**WHAT YOU WILL DO:** In the entries below, the lines from the one with "Học sinh Nguyễn" through the one with "This chuppah morphed" are to be copied exactly; both ends count.

**MATERIAL FOR THIS TASK:**
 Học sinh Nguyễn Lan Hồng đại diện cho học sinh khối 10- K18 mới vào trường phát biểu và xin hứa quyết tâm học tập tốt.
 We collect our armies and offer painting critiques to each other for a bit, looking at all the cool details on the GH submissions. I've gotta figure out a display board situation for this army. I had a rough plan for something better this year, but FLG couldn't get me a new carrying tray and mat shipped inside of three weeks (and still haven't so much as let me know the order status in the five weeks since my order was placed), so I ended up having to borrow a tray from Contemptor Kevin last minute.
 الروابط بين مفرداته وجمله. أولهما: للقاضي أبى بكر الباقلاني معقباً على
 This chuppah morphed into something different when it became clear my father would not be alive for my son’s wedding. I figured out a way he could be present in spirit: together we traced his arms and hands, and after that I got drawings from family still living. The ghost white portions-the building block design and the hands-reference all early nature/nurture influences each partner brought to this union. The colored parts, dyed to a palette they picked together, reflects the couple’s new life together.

* * *

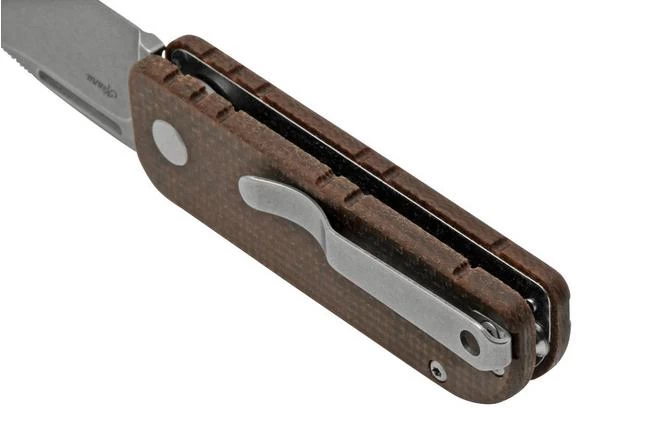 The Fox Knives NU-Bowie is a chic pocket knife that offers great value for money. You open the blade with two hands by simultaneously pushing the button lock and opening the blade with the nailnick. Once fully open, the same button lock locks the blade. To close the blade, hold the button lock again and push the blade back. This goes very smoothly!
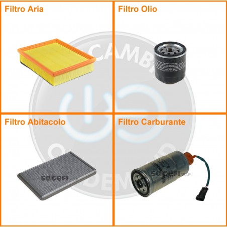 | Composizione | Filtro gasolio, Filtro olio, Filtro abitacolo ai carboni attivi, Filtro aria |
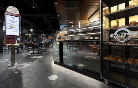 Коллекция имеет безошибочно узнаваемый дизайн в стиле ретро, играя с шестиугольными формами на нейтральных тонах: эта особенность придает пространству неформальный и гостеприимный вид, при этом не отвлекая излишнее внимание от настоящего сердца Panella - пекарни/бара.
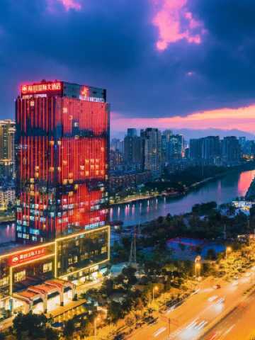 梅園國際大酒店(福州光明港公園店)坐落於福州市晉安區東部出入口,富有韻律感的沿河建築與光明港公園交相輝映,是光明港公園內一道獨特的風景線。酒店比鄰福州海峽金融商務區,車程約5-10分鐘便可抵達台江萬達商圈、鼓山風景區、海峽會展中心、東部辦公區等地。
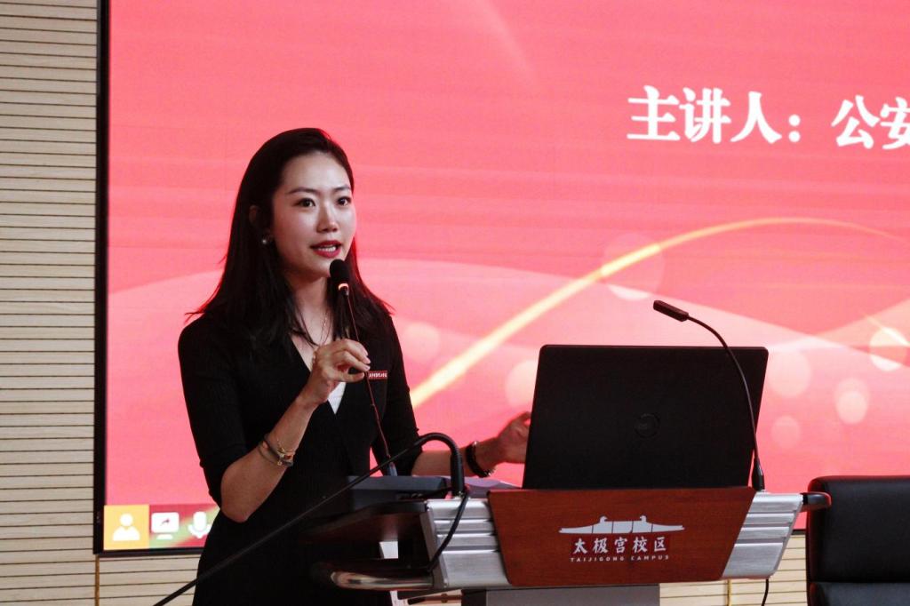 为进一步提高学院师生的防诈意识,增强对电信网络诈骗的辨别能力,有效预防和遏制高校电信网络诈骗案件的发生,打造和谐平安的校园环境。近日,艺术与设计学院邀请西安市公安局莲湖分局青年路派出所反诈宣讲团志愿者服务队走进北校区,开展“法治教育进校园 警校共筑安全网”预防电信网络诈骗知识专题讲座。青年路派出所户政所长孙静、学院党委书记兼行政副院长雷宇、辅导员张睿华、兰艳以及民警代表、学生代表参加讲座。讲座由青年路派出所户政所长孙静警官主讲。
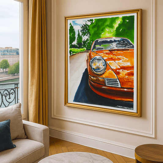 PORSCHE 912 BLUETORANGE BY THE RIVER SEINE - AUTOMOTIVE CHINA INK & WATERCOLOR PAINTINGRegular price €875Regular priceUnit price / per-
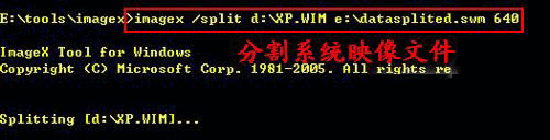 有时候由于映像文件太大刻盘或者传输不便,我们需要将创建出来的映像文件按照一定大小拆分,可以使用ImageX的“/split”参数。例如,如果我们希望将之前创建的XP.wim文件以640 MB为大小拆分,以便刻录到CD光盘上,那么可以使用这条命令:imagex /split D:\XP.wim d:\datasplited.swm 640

...

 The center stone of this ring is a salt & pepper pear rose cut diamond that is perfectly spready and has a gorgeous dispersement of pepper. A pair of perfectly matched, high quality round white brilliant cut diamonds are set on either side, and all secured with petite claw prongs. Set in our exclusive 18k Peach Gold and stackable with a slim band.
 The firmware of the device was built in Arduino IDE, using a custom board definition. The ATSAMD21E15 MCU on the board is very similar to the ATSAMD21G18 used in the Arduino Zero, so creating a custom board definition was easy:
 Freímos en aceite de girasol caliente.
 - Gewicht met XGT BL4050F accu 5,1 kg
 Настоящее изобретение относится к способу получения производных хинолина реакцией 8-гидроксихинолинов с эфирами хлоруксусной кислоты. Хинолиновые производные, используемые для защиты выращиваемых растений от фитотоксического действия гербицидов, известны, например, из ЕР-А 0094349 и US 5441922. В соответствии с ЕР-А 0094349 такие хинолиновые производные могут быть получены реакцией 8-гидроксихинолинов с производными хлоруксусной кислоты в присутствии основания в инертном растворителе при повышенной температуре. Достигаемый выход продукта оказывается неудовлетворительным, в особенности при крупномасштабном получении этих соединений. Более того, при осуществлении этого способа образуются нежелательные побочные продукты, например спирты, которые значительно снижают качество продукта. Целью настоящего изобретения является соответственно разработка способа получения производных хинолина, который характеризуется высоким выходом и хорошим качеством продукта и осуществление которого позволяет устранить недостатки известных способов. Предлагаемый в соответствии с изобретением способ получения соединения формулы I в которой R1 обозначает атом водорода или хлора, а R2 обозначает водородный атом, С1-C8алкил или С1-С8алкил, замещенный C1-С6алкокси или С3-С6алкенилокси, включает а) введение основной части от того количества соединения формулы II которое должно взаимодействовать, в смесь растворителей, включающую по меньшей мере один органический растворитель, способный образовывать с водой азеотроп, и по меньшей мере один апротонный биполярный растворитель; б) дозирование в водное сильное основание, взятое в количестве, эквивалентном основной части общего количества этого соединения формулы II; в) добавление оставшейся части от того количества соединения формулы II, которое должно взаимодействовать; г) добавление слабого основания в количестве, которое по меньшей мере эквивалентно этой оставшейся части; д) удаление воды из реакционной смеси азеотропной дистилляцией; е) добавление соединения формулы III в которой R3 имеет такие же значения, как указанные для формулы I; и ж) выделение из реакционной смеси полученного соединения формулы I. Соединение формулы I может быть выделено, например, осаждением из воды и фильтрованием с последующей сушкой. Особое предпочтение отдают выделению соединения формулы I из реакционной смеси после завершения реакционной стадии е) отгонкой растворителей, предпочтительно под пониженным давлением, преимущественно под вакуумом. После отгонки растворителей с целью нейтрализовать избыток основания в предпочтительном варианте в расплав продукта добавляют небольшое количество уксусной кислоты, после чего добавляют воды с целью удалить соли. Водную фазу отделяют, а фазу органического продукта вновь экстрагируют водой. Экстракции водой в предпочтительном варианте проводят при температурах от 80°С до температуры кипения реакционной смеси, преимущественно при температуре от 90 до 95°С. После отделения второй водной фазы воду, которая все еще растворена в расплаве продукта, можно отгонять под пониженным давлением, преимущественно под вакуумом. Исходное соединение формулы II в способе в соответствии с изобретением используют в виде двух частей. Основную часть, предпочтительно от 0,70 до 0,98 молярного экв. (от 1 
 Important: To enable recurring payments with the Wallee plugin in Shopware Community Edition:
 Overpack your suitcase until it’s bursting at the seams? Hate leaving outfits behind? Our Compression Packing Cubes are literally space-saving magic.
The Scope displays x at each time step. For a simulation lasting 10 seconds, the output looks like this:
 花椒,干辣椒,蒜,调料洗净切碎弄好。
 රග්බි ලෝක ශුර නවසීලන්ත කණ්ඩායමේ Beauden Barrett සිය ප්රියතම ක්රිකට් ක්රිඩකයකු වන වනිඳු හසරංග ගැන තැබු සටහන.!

**SOLUTION FOR THIS EXERCISE:**
 Học sinh Nguyễn Lan Hồng đại diện cho học sinh khối 10- K18 mới vào trường phát biểu và xin hứa quyết tâm học tập tốt.
 We collect our armies and offer painting critiques to each other for a bit, looking at all the cool details on the GH submissions. I've gotta figure out a display board situation for this army. I had a rough plan for something better this year, but FLG couldn't get me a new carrying tray and mat shipped inside of three weeks (and still haven't so much as let me know the order status in the five weeks since my order was placed), so I ended up having to borrow a tray from Contemptor Kevin last minute.
 الروابط بين مفرداته وجمله. أولهما: للقاضي أبى بكر الباقلاني معقباً على
 This chuppah morphed into something different when it became clear my father would not be alive for my son’s wedding. I figured out a way he could be present in spirit: together we traced his arms and hands, and after that I got drawings from family still living. The ghost white portions-the building block design and the hands-reference all early nature/nurture influences each partner brought to this union. The colored parts, dyed to a palette they picked together, reflects the couple’s new life together.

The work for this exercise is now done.